## [What is needed]
Look in the data below for the line that has "Вперше фестиваль народно-художньої", then print exactly every line from there through the line that has "Graceful green kurta", leaving pictures out.

## [Data to examine]
▼

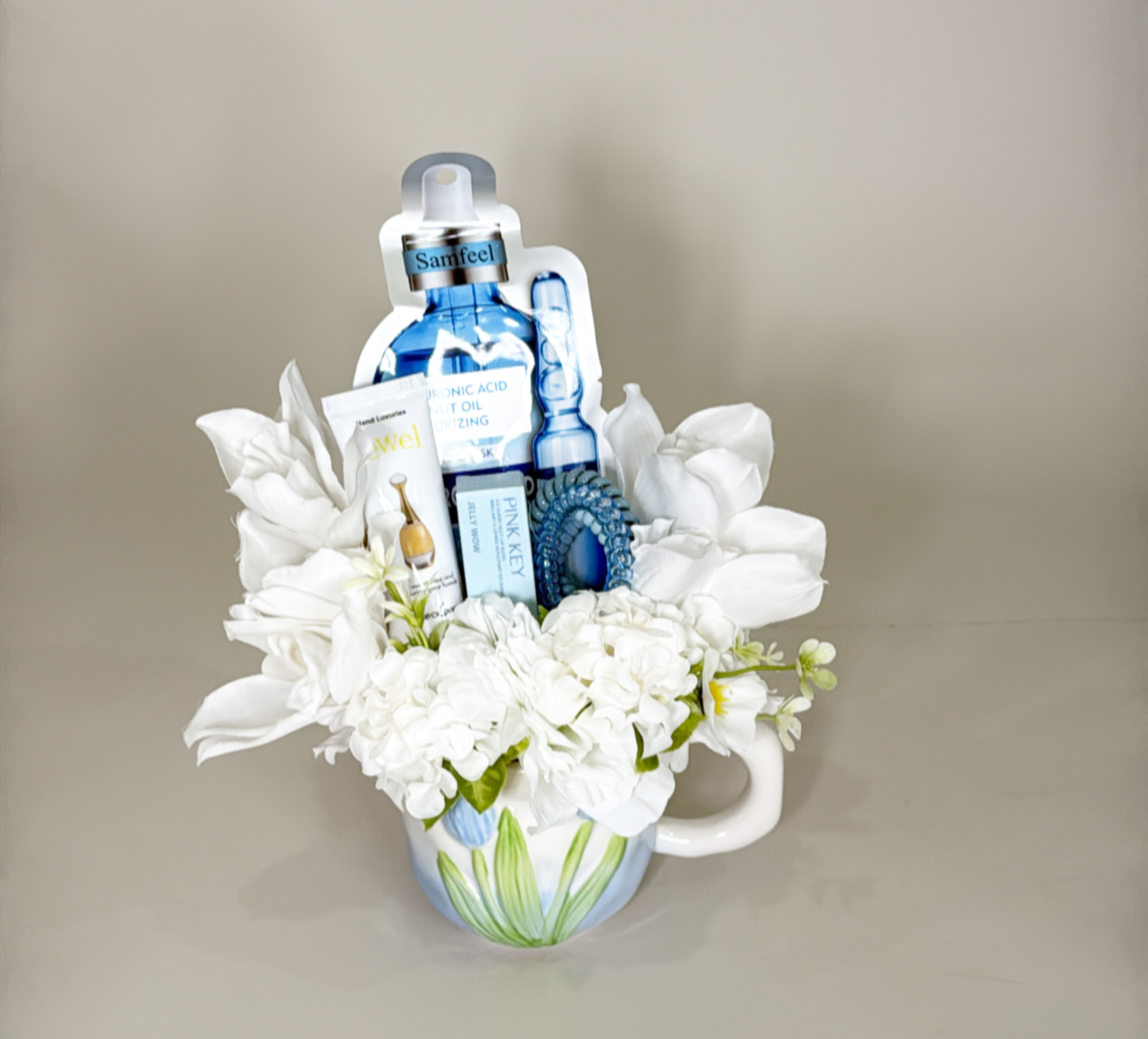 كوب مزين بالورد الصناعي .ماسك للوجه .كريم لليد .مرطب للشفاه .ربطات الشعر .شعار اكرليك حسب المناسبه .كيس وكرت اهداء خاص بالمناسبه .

▲
▼

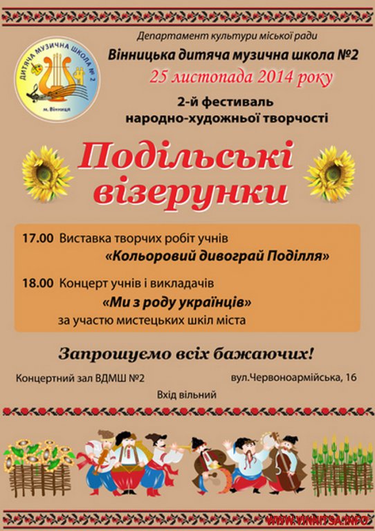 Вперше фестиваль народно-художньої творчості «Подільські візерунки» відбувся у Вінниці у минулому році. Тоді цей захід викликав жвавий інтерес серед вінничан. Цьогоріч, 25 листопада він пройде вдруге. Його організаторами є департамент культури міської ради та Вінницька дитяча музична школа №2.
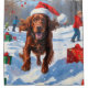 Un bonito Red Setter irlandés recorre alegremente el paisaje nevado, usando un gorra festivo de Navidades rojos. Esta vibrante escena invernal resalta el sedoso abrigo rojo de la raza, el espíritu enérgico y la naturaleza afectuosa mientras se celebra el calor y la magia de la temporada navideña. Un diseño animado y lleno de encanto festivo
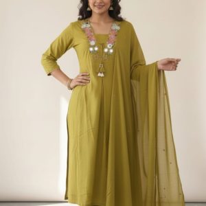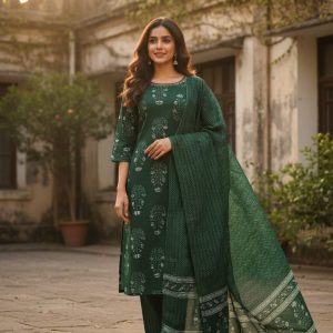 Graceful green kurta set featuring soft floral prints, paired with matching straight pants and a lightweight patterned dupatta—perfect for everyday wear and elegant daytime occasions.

▲
▼

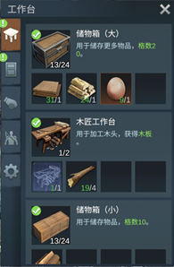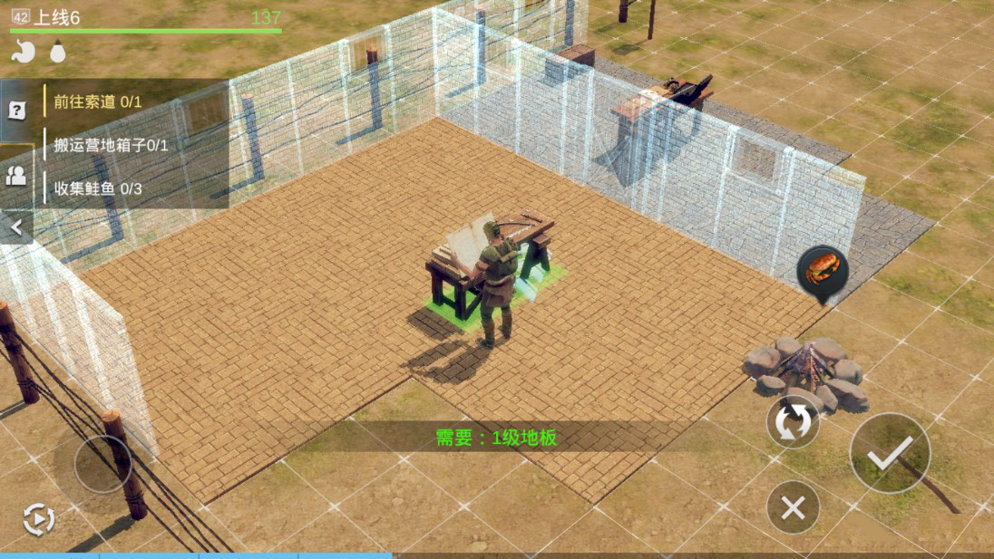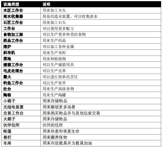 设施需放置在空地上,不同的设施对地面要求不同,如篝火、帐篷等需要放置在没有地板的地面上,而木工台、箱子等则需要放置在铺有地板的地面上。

▲

## [Solution to this task]
 Вперше фестиваль народно-художньої творчості «Подільські візерунки» відбувся у Вінниці у минулому році. Тоді цей захід викликав жвавий інтерес серед вінничан. Цьогоріч, 25 листопада він пройде вдруге. Його організаторами є департамент культури міської ради та Вінницька дитяча музична школа №2.
 Un bonito Red Setter irlandés recorre alegremente el paisaje nevado, usando un gorra festivo de Navidades rojos. Esta vibrante escena invernal resalta el sedoso abrigo rojo de la raza, el espíritu enérgico y la naturaleza afectuosa mientras se celebra el calor y la magia de la temporada navideña. Un diseño animado y lleno de encanto festivo
 Graceful green kurta set featuring soft floral prints, paired with matching straight pants and a lightweight patterned dupatta—perfect for everyday wear and elegant daytime occasions.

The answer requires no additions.